The Bartek Oak (Dąb Bartek) is one of the oldest oak trees in Poland. It grows in Zagnańsk near Kielce in the Świętokrzyskie Mountains. Its age, previously estimated at up to 1200 years, has recently been established to be 686 years (in 2016), with a corer used to extract a sample for a ring count. An accurate count is impossible, as Bartek's interior has hollowed with age. There are several older trees in Poland, both oaks and yews (some over 1000 years old), yet none of them have matched Bartek's fame.

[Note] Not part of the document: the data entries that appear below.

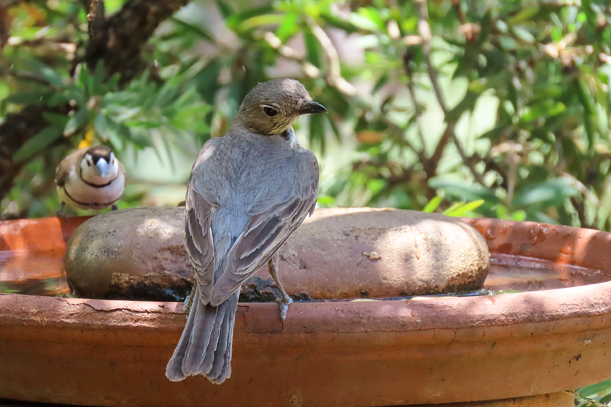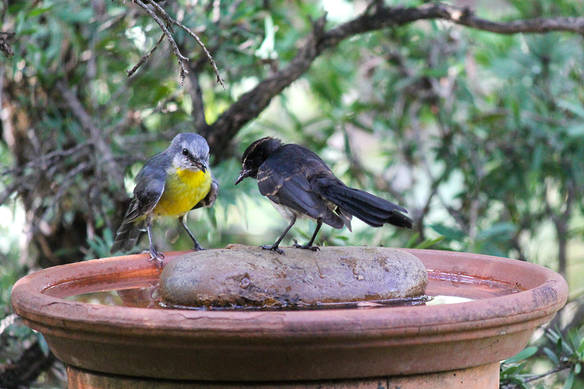 It’s then a matter of providing watering points for different species of birds. I have the veggie patch birdbath for the little birds who want the cover of a shrub, a more open, lower but raised birdbath for the slightly bigger birds and those who can’t wait to take their turn in the veggie garden. Then, there’s ground level baths in wilder parts of the garden for the bigger woodland birds who don’t come close to the house, as well as the lizards and echidnas. The bees and wasps take their pick depending on what suits.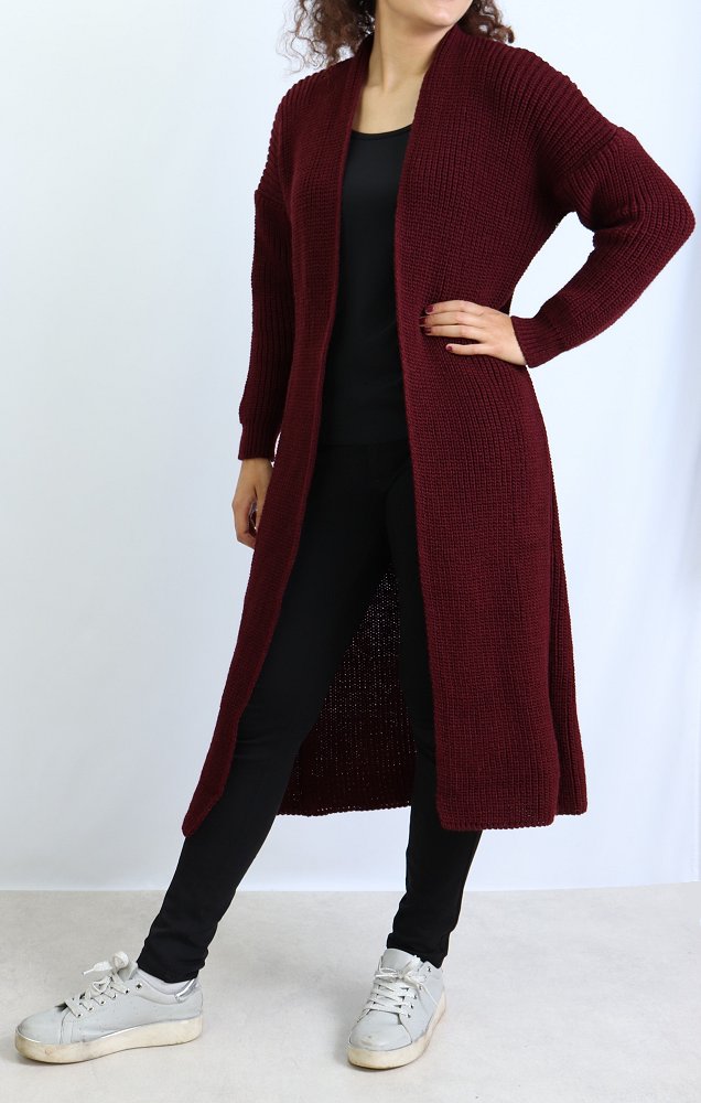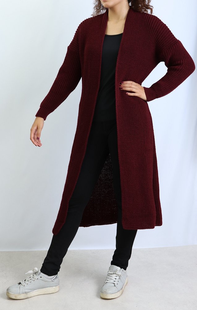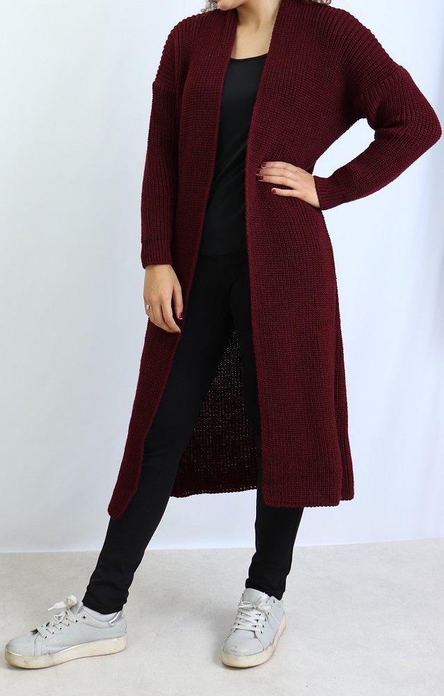 Gilet maxi long en maille - Couleur Bordeaux Vetement & Accessoire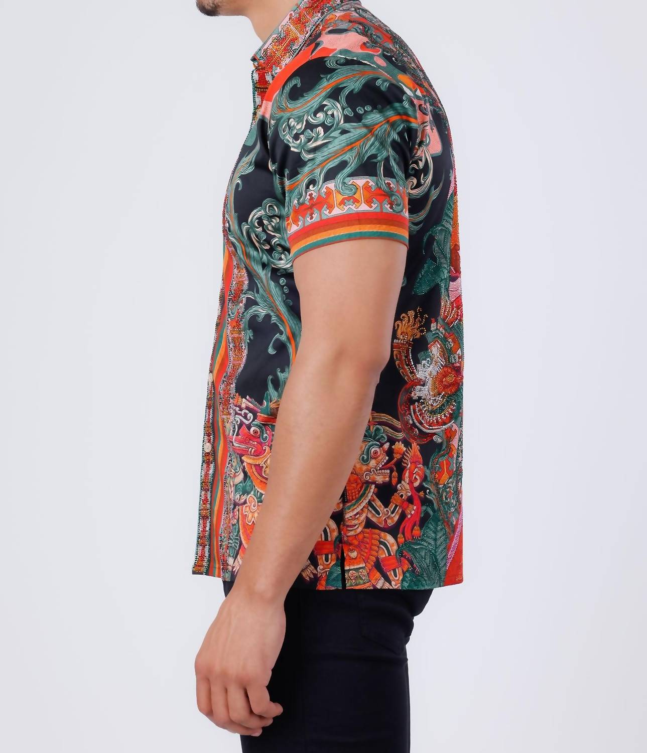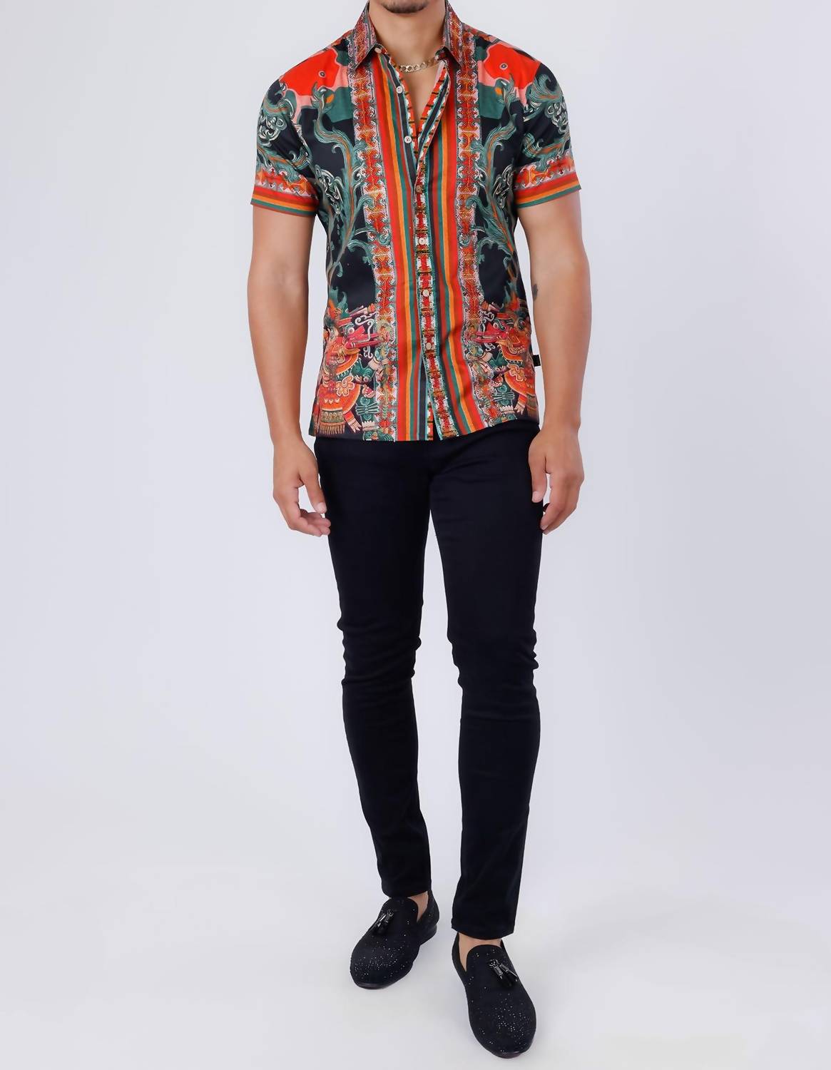Presenting the Flickerkilt Rhinestone Short Sleeve Shirt by Barabas, an exquisite men's fashion piece in vibrant orange. This casual button-down shirt is crafted from a 97% Cotton and 3% Spandex blend, offering a slim fit with lightweight comfort. Adorned with stunning hand-placed rhinestones and a floral and dragon Baroque design, it features a classic collar and button closure. To maintain its elegance, dry clean only.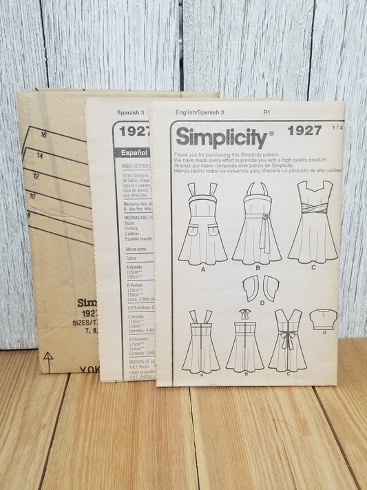 Simplicity 1927 Girls Summer Dress Sunday Best Size 7-16 Uncut FF Sewing Pattern

The 33.5-metre tall Bartek measures 970 cm at CBH (circumference at breast height) and 13.5 metres in girth at its base. Its crown spreads about 40 metres. Legend has it that King Casimir III (1310–1370) held court under Bartek and that King Jan III Sobieski rested under the oak on his way back from the Battle of Vienna (1683). He reputedly hid a Turkish sabre, an arquebus and a bottle of wine inside it to commemorate the victory.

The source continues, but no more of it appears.